Anyone who knows Travian and is looking for a space equivalent — or who has played Travian and wants more strategic depth — will find their ideal next step in OGame.
The parallels: Travian mechanics in OGame
Resource building is the foundation
In Travian you build cropland, clay pit, wood and iron fields. In OGame you build metal mines, crystal mines and deuterium synthesizers. Both systems follow the same principle: first maximise production, then finance military and expansion from the income. For Travian players, OGame's economic system is instantly familiar.
Alliances as strategic core
In Travian, alliance cooperation is mandatory — you can't survive alone. In OGame it's similar: a good alliance provides protection, information and coordinated attacks. The ACS system (Alliance Combat System) in OGame allows multiple players to attack the same target simultaneously — the direct equivalent of Travian's tribal attacks.
Attack and defence
Travian's troop system with infantry, cavalry and siege weapons has its equivalent in OGame in 10 ship types with a sophisticated rapidfire system. Cruisers fire 6 times at Light Fighters. Destroyers are effective against Battleships. These interactions require the same type of tactical fleet composition as Travian's troop strategy.
Where OGame goes beyond Travian
Fleetsave — unique and indispensable
Travian players know the problem: going offline means unprotected troops. In Travian there's no elegant solution for this. OGame invented fleetsave: sending your own fleet on precisely timed missions so it's back when you wake up. This mechanic — the heart of OGame — has no comparable equivalent in Travian and creates a completely different level of excitement.
No season resets in permanent universes
Travian servers run for 6–12 months and are then reset. Everything gets deleted, a new server begins. OGame universes are permanent — players build for years without reset. This enables deeper relationships with fellow players, longer-term strategies and a genuine sense of one's own growth.
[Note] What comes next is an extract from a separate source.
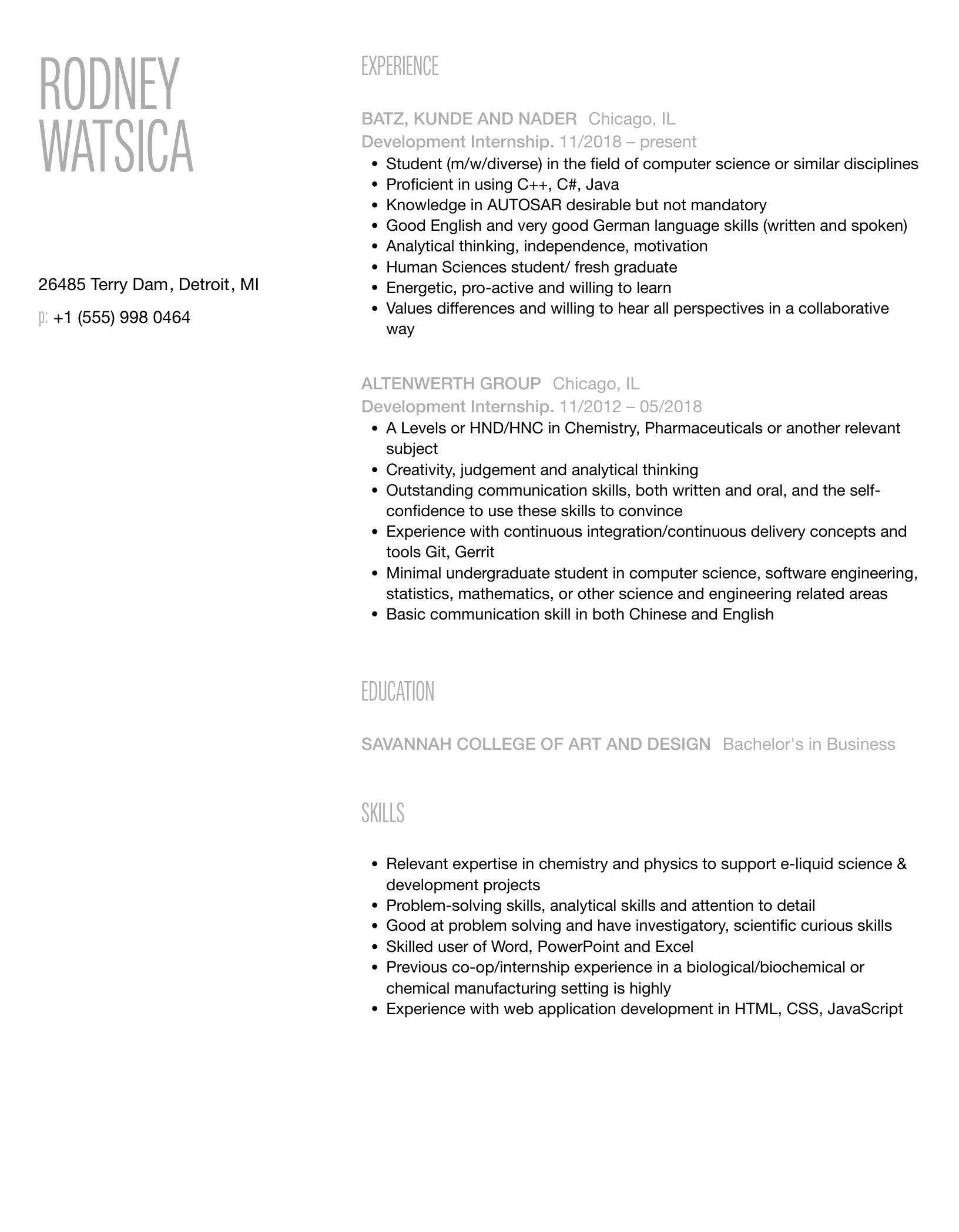 - Major in Product Development or a related field

Three classes for personal playstyle
Travian offers three tribes (Romans, Gauls, Teutons) with different units and bonuses. OGame offers three classes with fundamentally different playstyles:
- General Class: Fleet strength, combat bonuses, faster recyclers — the aggressive raider
- Collector Class: Resource bonus, crawlers, energy bonus — the economy optimiser
- Discoverer Class: More colonies, better expeditions, longer phalanx — the explorer
Moon and sensor phalanx
OGame has a gameplay layer with the moon system that Travian completely lacks. Your own moon enables sensor phalanx — allowing you to observe enemy fleet movements in other galaxies — and jump gate for instant transport between your own moon bases. Moonshot strategy (destroying enemy moon with death star) is its own tactical chapter.
Travian advantage: The clear season end
Travian has a clear advantage for certain player types: the wonder as victory goal and the round ending with a clear winner. This competition with a clear endpoint motivates differently than OGame's continuous points ranking. Those who appreciate this seasonal feeling must seek it in Travian — OGame doesn't offer it.